**Extracted data**
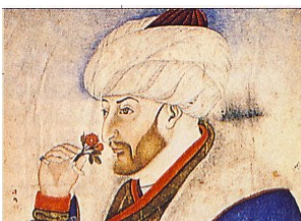
Στα βυζαντινά χρόνια - Ε' Δημοτικού / ΣΤ' Ενότητα: «Το Βυζάντιο παρακμάζει & υποκύπτει σε κατακτητές»

Ο Μωάμεθ εξοργίζεται - η πολιορκία γίνεται σκληρότερη
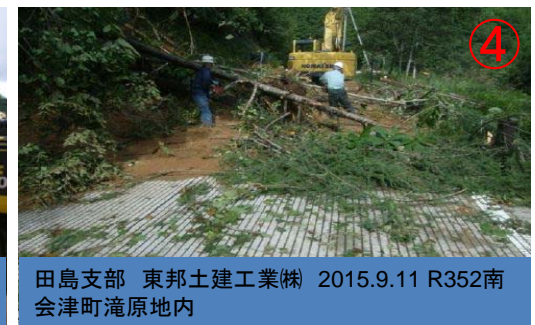
田島支部 東邦土建工業(株) 2015.9.11 R352南会津町滝ノ原地内
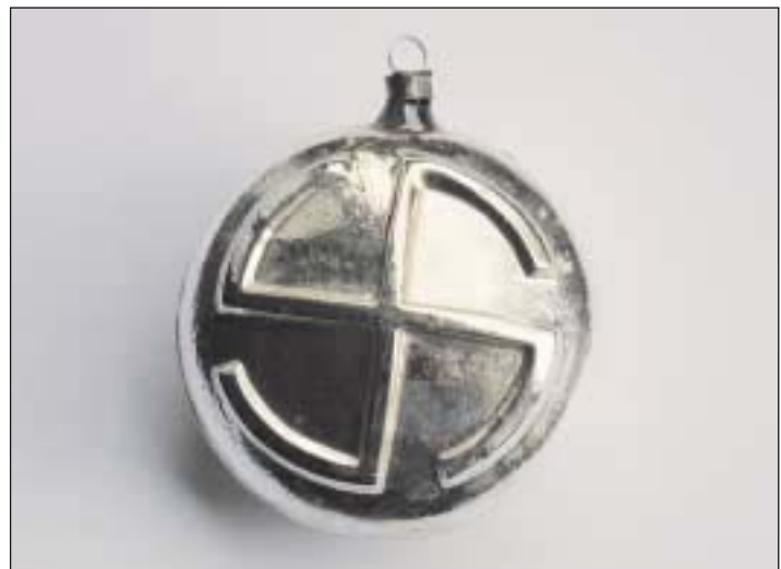
RUNEN-KUGEL MIT HAKENKREUZ-MOTIV (SAMMLUNG RITA BREUER)
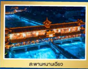
สะพานหนานเจียว
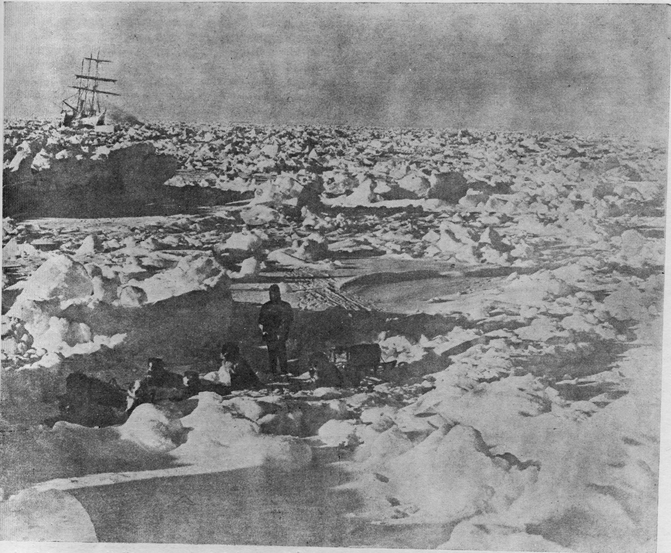
Brod ekspedicije u Antartiku bespomoćno leži okružen snijegom i ledom

Mornarica SAD objavila je nedavno, da namjerava ponovno poduzeti ekspedicije na Antartik i otpočeti instalacijom triju baza, koje trebaju početi da funkcioniraju u augustu 1957. godine. Izgleda, da će glavna baza biti na Rossovoj Zemlji, gdje se jednom nalazio Zaliv Kitova, sjedište »Little Amerike«, prethodne baze ekspedicije admirala Byrda. Druge dvije baze će biti instalirane: jedna na Zemlji Mary Byrd, a druga na geografskom južnom polu. Ekspedicija, nazvana operacija »Deep Freeze« otputovat će skoro s jedne točke na zapadnoj obali SAD, a raspolažat će sa pet brodova, koji će činiti pomorsku snagu br. 34 pod komandom admirala Byrda. Byrd ima sad 66 godina i nalazi se u rezervi, da bi za slučaj potrebe mogao biti pozvan u aktivnu službu. Asistira mu C. V. Dufek, drugi veterani američkih polarnih istraživanja.
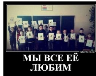
Незначительный фейл в белорусской школе.

И того — из всего этого следует, что нехуй сравнивать жопу с пальцем, ибо результат будет как всегда предсказуем . Среднестатистическому бульбашу на самом деле до одного места на все эти ваши блага загнивающей дерьмократии, которых одинхер в его краях никогда не было. У него чарка со шкваркой на столе, нива под жопой и совок за окном.
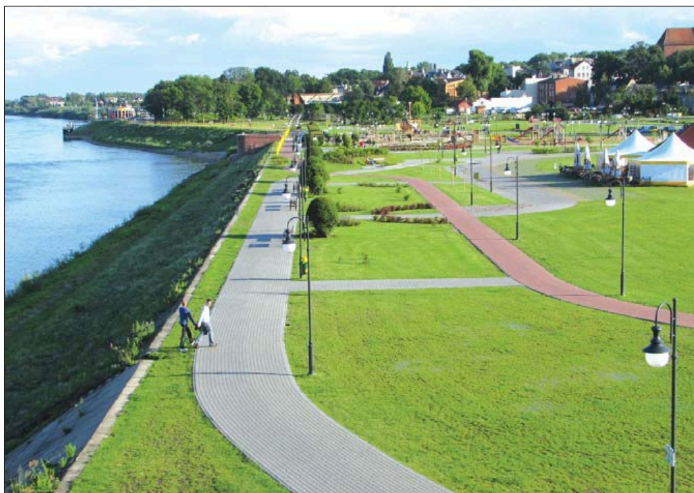
Fot. 7. Tczew – przykład pozytywnego zagospodarowania brzegu Wisły w mieście Phot. 7. Tczew – an example of a favourable Vistula bank management in a town
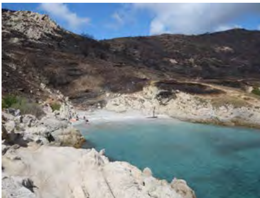
Paysage du Cap Taillat en 2007 après le passage d'un incendie - Parc National de Port-Cros

Les changements climatiques amènent une sécheresse de plus en plus forte sur nos territoires, étalée sur une durée calendaire de plus en plus large. Cette sécheresse fragilise la végétation des espaces naturels face au risque incendie.
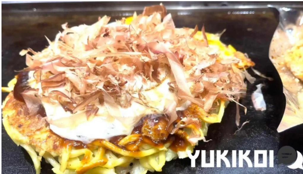
お好み焼鉄板焼 きん太 赤池店 動画
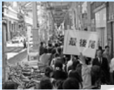
多くの人でにぎわう前回の様子

マも毎回工夫していきます。実行委員会の皆さんは、駅周辺の工事がどんどん進んでいて、まちの変化を感じています。商店街に行きたくなくなるイベントをこれからも実施していきたいと感じています。
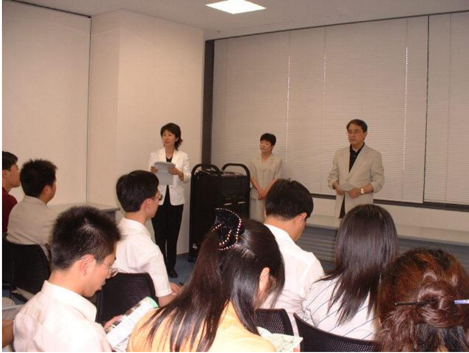
歓迎式 2004年7月10日午後1時40分 堺市役所本館3回大会議室3 研修生一行 通訳 西尾課長 溝口部長 堺市・国際担当 堺市・国際文化観光部
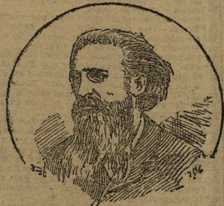
Guesde Jefe socialista francés
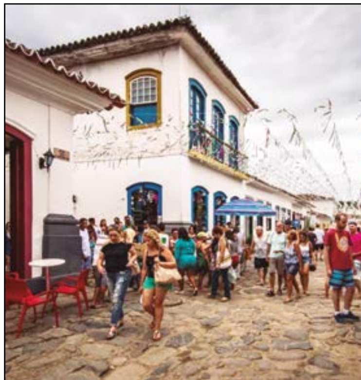
► Durante o Festival, Você degusta as melhores marcas da região

O Festival da Cachaça, Cultura e Sabores de Paraty 2023 será realizado no período de 17 a 20 de agosto próximo, na Av. Nossa Sra. dos Remédios, 172-240 – Pontal, no centro histórico da cidade. O primeiro Festival foi realizado em 1982, sob o nome oficial de Festival da Pinga e Produtos Típicos de Paraty. Com o objetivo divulgar a região, a cultura local e a cachaça, bebida tipicamente brasileira.
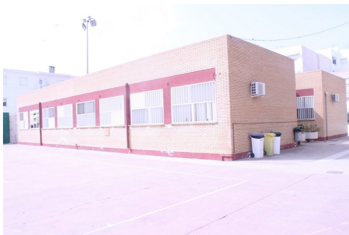
Edificio de infantil desde el patio
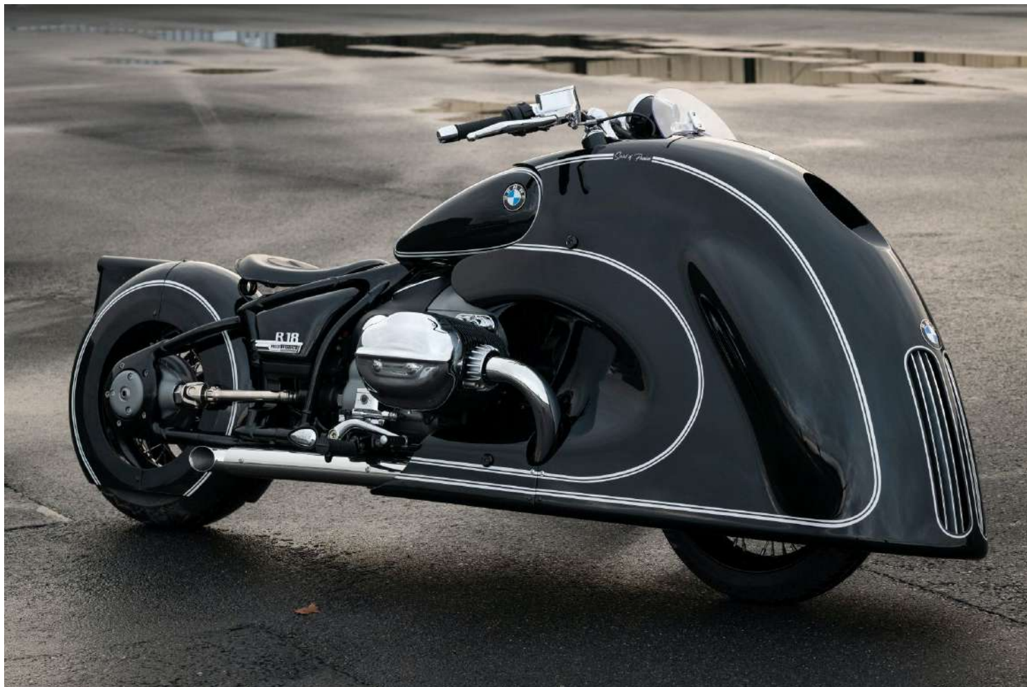
BMW R18 Custom Bike

É uma obra de arte sobre duas rodas e chama muito a atenção lembrando o design retrô dos anos 30 e a grade em forma de rim do BMW 328.
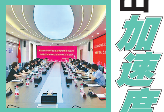
召开优化营商环境专题会。

围绕建设“六个龙江”、推进“八个振兴”和哈尔滨市打造“七大都市”,今年年初,道里区启动实施招商引资竞赛年、项目建设落实年、消费复苏促进年和实体经济服务年活动,充分发挥在扩大内需、产业布局中的骨干作用,努力成为全市振兴发展排头兵、当骨干、作贡献。
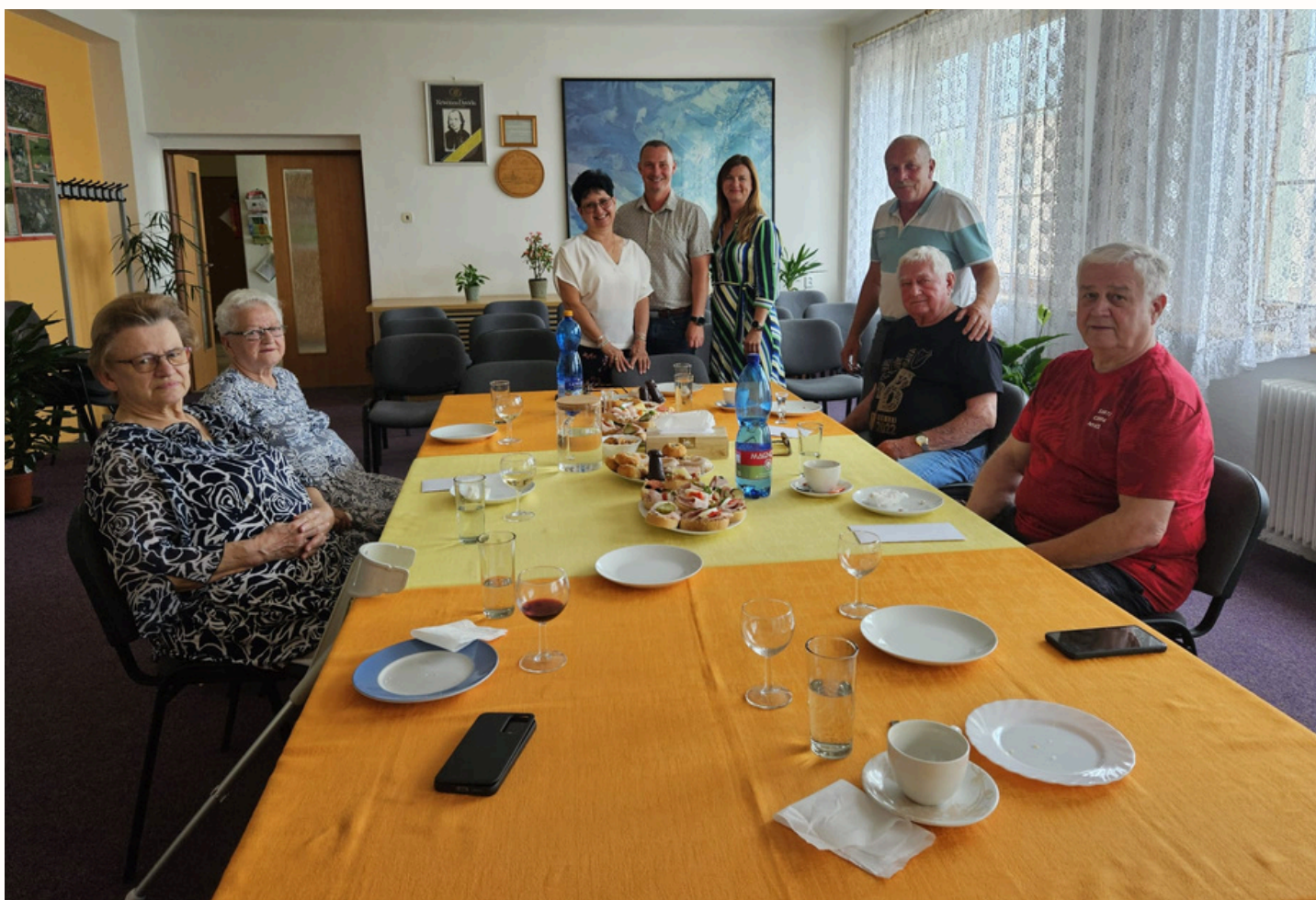
Setkání jubilantů, červen 2024
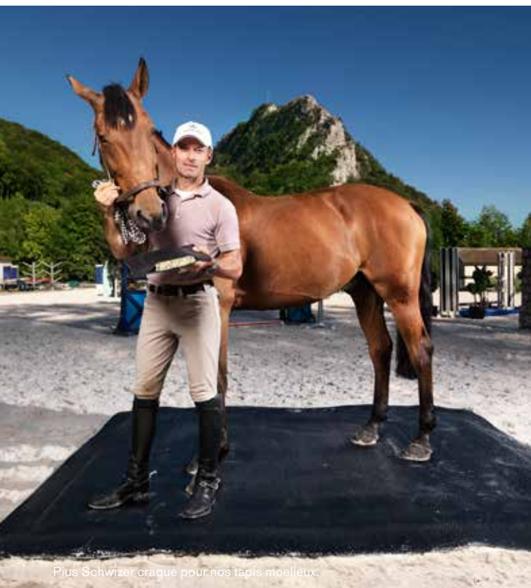
Plus Schwizer craque pour nos tapis moelleux.

**Required action**
Every line of the material above that contains "ekspedicije" should be counted; give the total only.

**Written solution**
2